## PROBLEM DETAILS
Print the listing as it stands, omitting all images.

## THE DATA
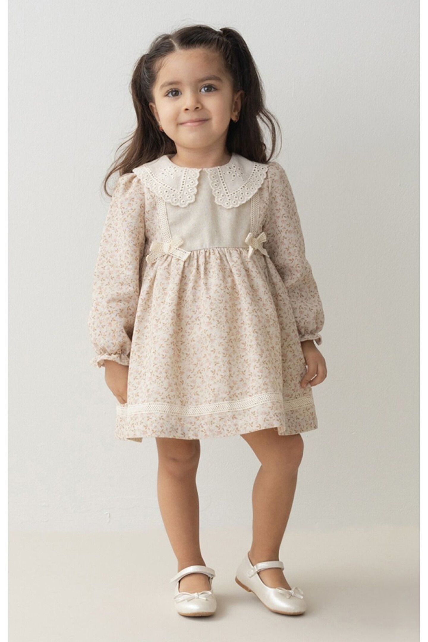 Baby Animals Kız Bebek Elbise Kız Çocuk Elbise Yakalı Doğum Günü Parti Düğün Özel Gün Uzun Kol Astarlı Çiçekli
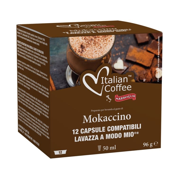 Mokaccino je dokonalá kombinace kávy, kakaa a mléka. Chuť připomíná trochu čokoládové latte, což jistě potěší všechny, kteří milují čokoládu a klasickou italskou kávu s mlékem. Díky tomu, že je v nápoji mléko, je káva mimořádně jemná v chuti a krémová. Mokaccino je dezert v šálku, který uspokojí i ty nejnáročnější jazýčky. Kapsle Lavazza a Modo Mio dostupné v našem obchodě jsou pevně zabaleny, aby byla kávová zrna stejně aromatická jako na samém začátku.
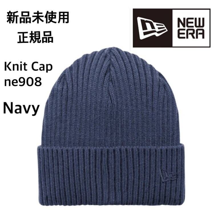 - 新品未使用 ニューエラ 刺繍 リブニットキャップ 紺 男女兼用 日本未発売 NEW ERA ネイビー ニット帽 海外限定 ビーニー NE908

## ANSWER
 Baby Animals Kız Bebek Elbise Kız Çocuk Elbise Yakalı Doğum Günü Parti Düğün Özel Gün Uzun Kol Astarlı Çiçekli
 Mokaccino je dokonalá kombinace kávy, kakaa a mléka. Chuť připomíná trochu čokoládové latte, což jistě potěší všechny, kteří milují čokoládu a klasickou italskou kávu s mlékem. Díky tomu, že je v nápoji mléko, je káva mimořádně jemná v chuti a krémová. Mokaccino je dezert v šálku, který uspokojí i ty nejnáročnější jazýčky. Kapsle Lavazza a Modo Mio dostupné v našem obchodě jsou pevně zabaleny, aby byla kávová zrna stejně aromatická jako na samém začátku.
 - 新品未使用 ニューエラ 刺繍 リブニットキャップ 紺 男女兼用 日本未発売 NEW ERA ネイビー ニット帽 海外限定 ビーニー NE908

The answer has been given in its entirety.